■ **Task prompt**
All that is wanted is the exact text of the lines below from the one with "- Select an" through the one with "Click for More", inclusive, minus any pictures.
--- Supplied records ---
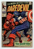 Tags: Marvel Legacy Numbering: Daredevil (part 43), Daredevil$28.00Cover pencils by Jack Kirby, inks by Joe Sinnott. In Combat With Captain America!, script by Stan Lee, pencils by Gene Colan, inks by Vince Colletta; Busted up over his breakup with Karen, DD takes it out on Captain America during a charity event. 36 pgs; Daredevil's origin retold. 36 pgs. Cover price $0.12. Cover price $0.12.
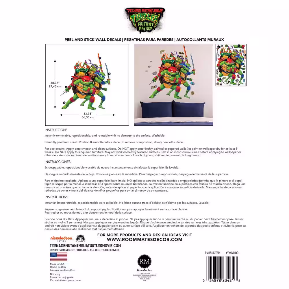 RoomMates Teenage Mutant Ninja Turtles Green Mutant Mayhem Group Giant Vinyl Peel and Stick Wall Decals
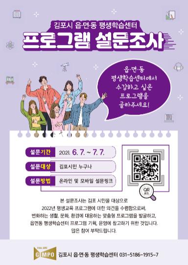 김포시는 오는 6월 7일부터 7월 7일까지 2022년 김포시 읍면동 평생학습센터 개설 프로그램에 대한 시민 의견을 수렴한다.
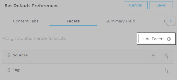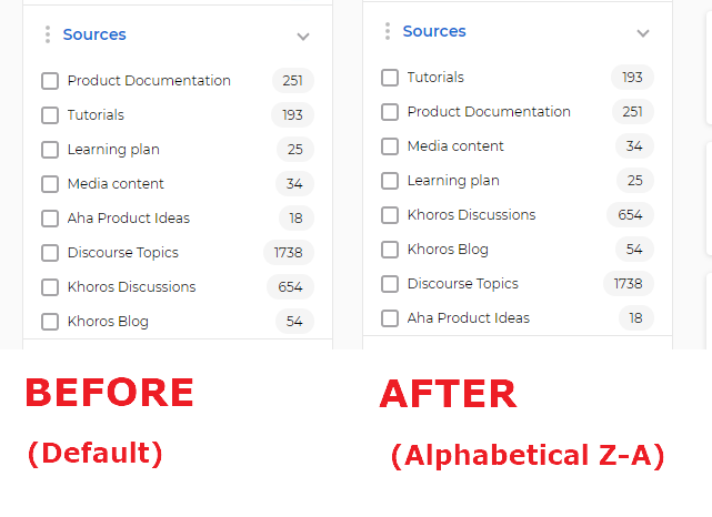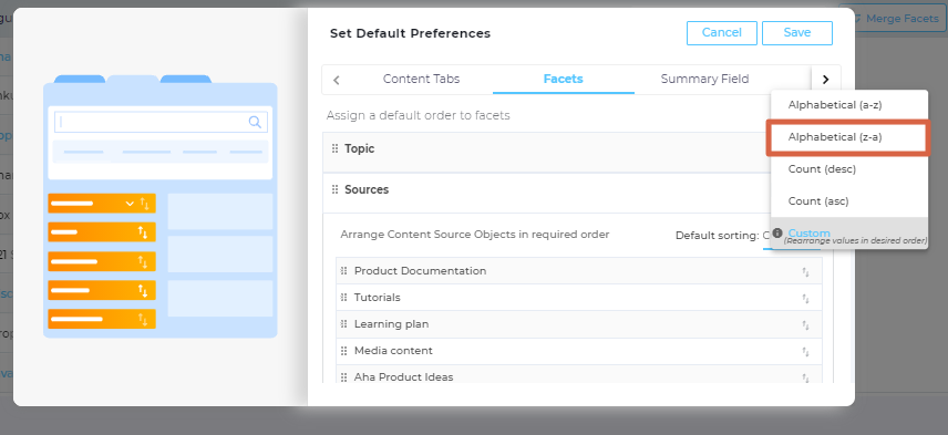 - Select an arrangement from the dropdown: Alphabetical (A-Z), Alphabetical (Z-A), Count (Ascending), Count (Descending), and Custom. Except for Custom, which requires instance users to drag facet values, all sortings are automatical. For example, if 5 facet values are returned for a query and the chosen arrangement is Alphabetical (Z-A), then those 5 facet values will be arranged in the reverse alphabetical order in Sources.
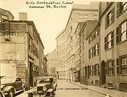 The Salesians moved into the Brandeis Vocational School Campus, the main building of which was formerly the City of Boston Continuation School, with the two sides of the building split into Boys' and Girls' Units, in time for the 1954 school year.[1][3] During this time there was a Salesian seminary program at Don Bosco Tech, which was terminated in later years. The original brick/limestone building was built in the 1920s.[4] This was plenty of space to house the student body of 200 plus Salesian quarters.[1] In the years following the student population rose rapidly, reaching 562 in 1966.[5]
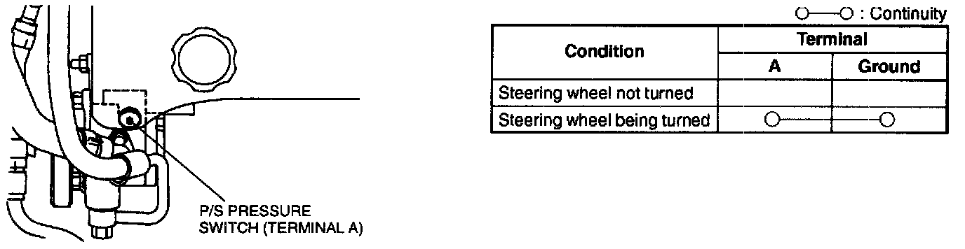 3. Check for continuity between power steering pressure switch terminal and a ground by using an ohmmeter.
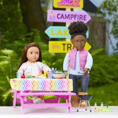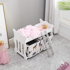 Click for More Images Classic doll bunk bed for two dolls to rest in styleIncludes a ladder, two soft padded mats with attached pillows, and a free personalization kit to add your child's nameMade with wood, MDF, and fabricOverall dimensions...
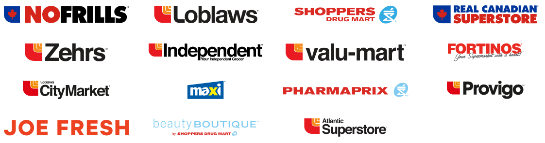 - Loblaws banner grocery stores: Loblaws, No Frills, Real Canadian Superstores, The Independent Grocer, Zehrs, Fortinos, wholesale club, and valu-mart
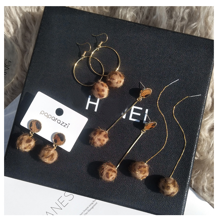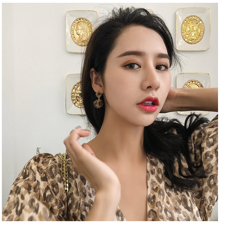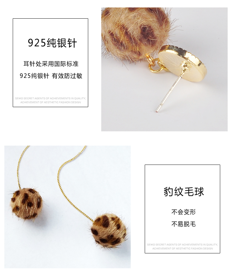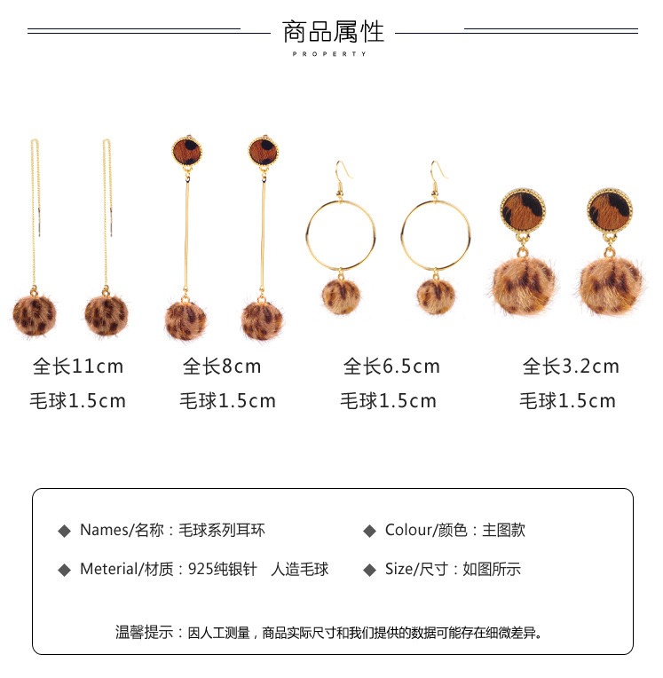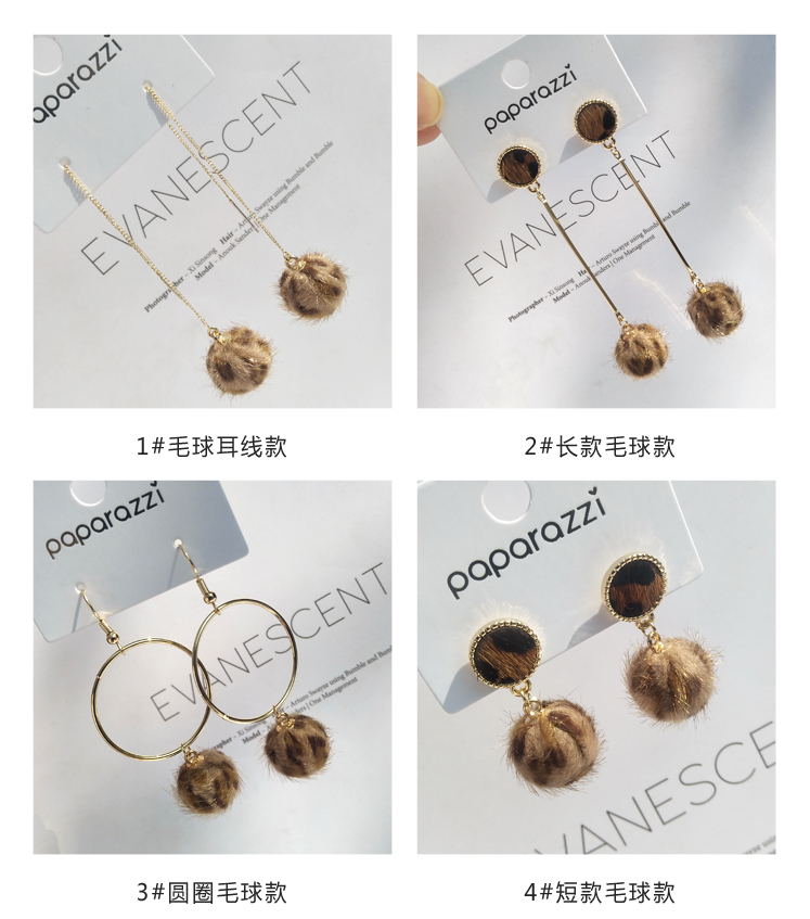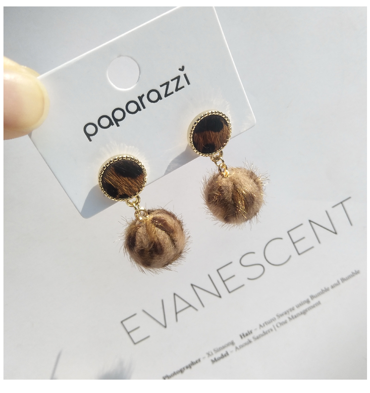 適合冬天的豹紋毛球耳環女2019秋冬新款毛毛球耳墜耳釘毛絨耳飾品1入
---
■ **Task response**
 - Select an arrangement from the dropdown: Alphabetical (A-Z), Alphabetical (Z-A), Count (Ascending), Count (Descending), and Custom. Except for Custom, which requires instance users to drag facet values, all sortings are automatical. For example, if 5 facet values are returned for a query and the chosen arrangement is Alphabetical (Z-A), then those 5 facet values will be arranged in the reverse alphabetical order in Sources.
 The Salesians moved into the Brandeis Vocational School Campus, the main building of which was formerly the City of Boston Continuation School, with the two sides of the building split into Boys' and Girls' Units, in time for the 1954 school year.[1][3] During this time there was a Salesian seminary program at Don Bosco Tech, which was terminated in later years. The original brick/limestone building was built in the 1920s.[4] This was plenty of space to house the student body of 200 plus Salesian quarters.[1] In the years following the student population rose rapidly, reaching 562 in 1966.[5]
 3. Check for continuity between power steering pressure switch terminal and a ground by using an ohmmeter.
 Click for More Images Classic doll bunk bed for two dolls to rest in styleIncludes a ladder, two soft padded mats with attached pillows, and a free personalization kit to add your child's nameMade with wood, MDF, and fabricOverall dimensions...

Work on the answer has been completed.